A moving party must serve with the motion, which shall contain a request for a hearing (if desired), (1) a separate memorandum stating the reasons, including supporting authorities, that the motion should be granted and (2) affidavits or other exhibits evidencing facts on which the motion is based. These papers are referred to below as the “Motion Papers.”  The moving party shall initiate a conference with the other parties for all dispositive and discovery motions subject to Rule 9C. Motions for summary judgment must also comply with section (b)(5), below.

(2) Oppositions to motions

A party opposing a motion may serve (1) a memorandum in opposition that includes a statement of reasons, with supporting authorities, that the motion should not be allowed, together with a request for a hearing (if desired) and (2) affidavits or other exhibits evidencing facts on which the opposition is based, as well as (3) any cross-motion (including but not limited to a motion to strike) and (4) memorandum and affidavits supporting the cross-motion. These papers are referred to below as the “Opposition.”

(3) Reply/opposition to motion to strike

The moving party may file a reply memorandum limited to matters raised in the opposition that were not and could not reasonably have been anticipated and addressed in the moving party’s initial memorandum (“Reply”). The moving party may also file an opposition to any motion to strike or cross-motion. No other reply or surreply submission shall be filed without leave of court, which will be granted only in exceptional circumstances.

(4) Facts verified by affidavit 

The court need not consider any motion, opposition, or reply based on facts unless the facts are verified by affidavit, are otherwise apparent in the record, or are agreed to in a writing signed by the interested parties or their counsel.

(5) Format and length of all papers except exhibits

All papers addressed by this Rule 9A, except exhibits, must conform to the following requirements:

(i) Paper size. Papers must be on 8 1/2" by 11" paper.

(ii) Typeface. Papers must be in 12-point, double-spaced type. The caption, footnotes, and indented quotations may be single-spaced in 12-point type.

(iii) Title. The title of each document must appear on the first page next to or below the caption.

(iv) Length. The memorandum supporting the motion or cross-motion and the memorandum in opposition may not exceed 20 pages, and the reply may not exceed 5 pages. Any appendix permitted by Superior Court Rule 9C(b) is not included in the page limit. Nor is an addendum that sets forth, verbatim and without argument, pertinent excerpts from key documents, statutes, regulations or the like.

(v) Email addresses. Each attorney or self-represented party filing motion or opposition papers must include his or her email address on the papers, or certify in the filing that he or she does not have an email address.

(6) Leave of court

Advance leave of court is required to exceed the page limit or file a surreply. All requests for leave of court must: (1) be captioned as a pleading, (2) not exceed one page in length (not counting the caption and title), (3) state the grounds and specific relief sought (e.g., a specific proposed new page limit) and (4) include a certificate of service. The request must be sent directly to the session clerk, ATTN: Session Judge.
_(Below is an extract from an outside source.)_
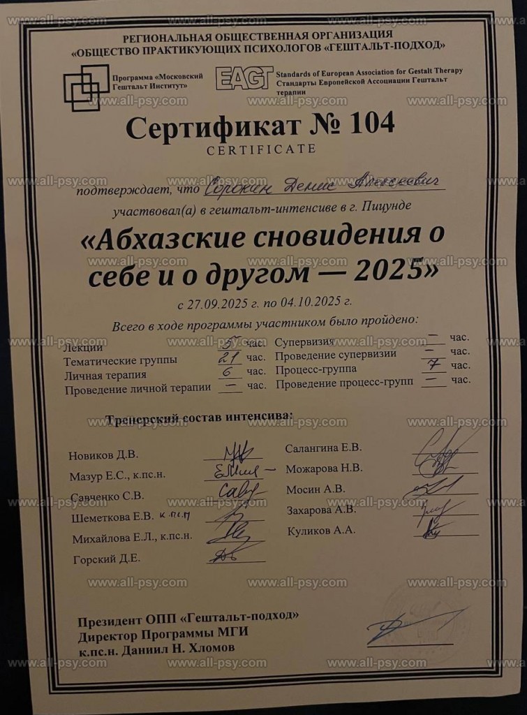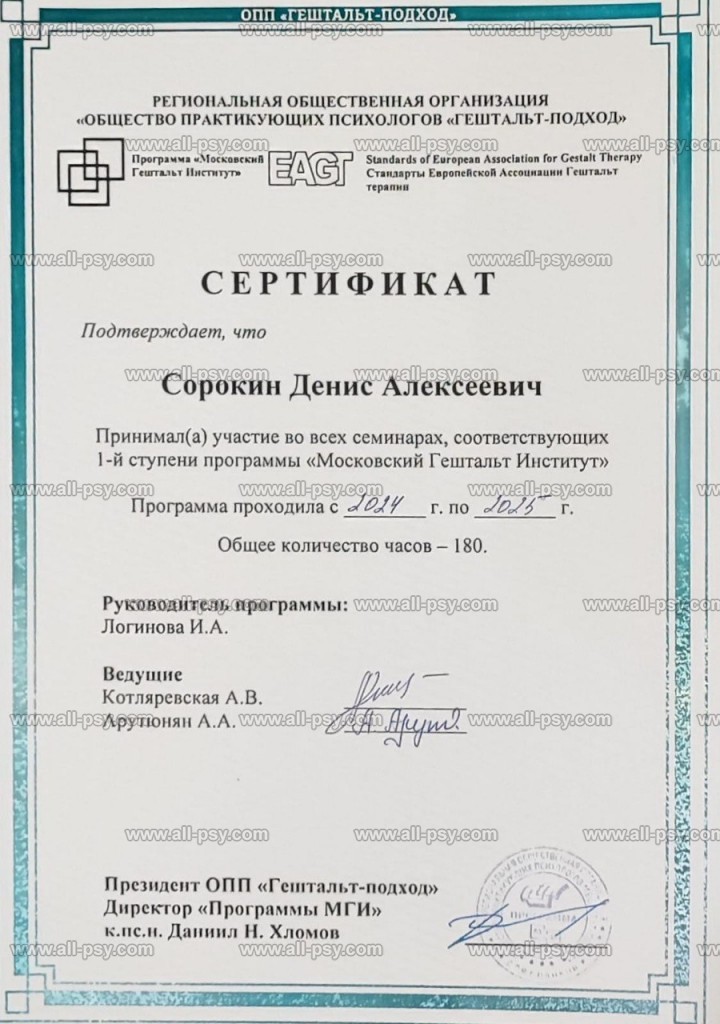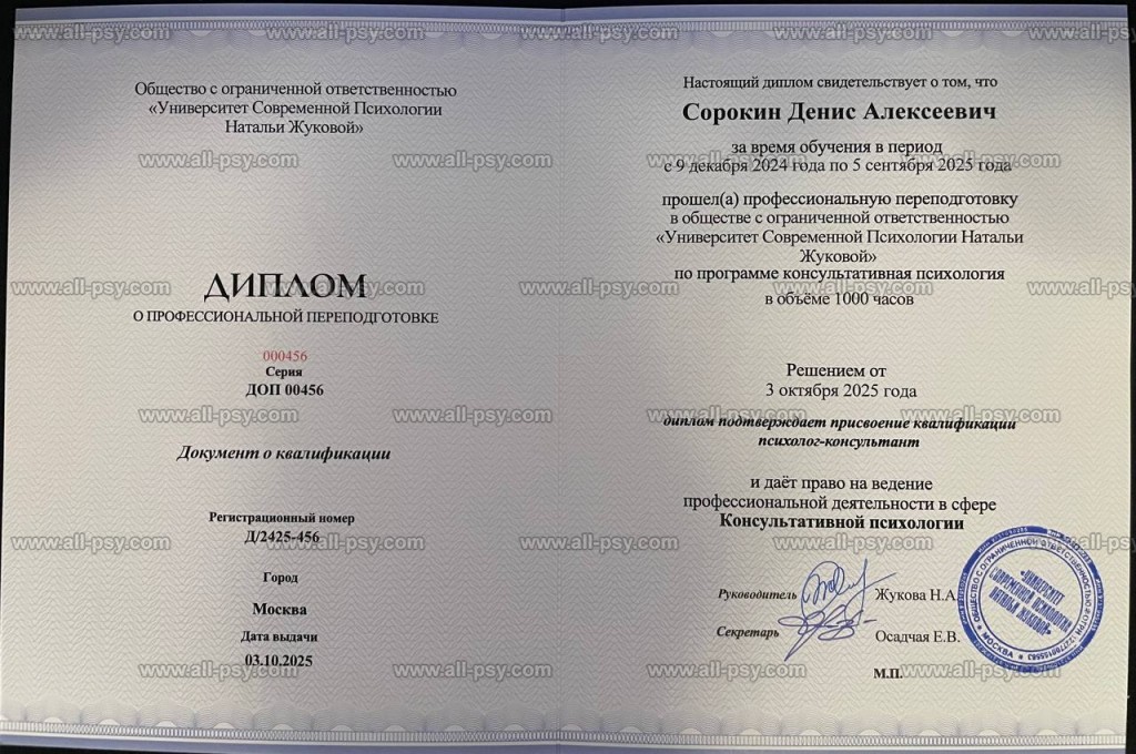 Закончил обучение в УСП (Университет Современной Психологии Натальи Жуковой) по специальности "Психолог-консультант" и 1 ступень программы МГИ (Московский Гештальт Институт). Сам нахожусь в терапии непрерывно с июля 2023 года.

The request must be served on all other parties, but the court need not await a response to such request before ruling. Any leave granted to the moving party for additional pages applies to the opposing party’s memorandum as well, unless otherwise ordered. The title of any surreply and any memorandum exceeding 20 pages must note the date on which leave was allowed.

(7) No automatic extension of time pending leave of court

A request for leave of court under Paragraph (a)(6) does not extend the date for filing the Rule 9A Package (See Rule 9A(b)(2)) to which it relates, unless the court orders otherwise or all parties agree.

(8) Attorney certifications

All dispositive and discovery motions shall include the certificate required by Superior Court Rule 9C.

(b) Procedure for serving and filing motions

(1) Service

(i) General 

All Motion Papers, Oppositions, and Replies must be served on all parties and filed with the clerk in accordance with the procedure set forth in this Paragraph (b). Compliance with this Paragraph shall constitute compliance with the “reasonable time” provisions of the first sentence of Mass. R. Civ. P. 5(d)(1).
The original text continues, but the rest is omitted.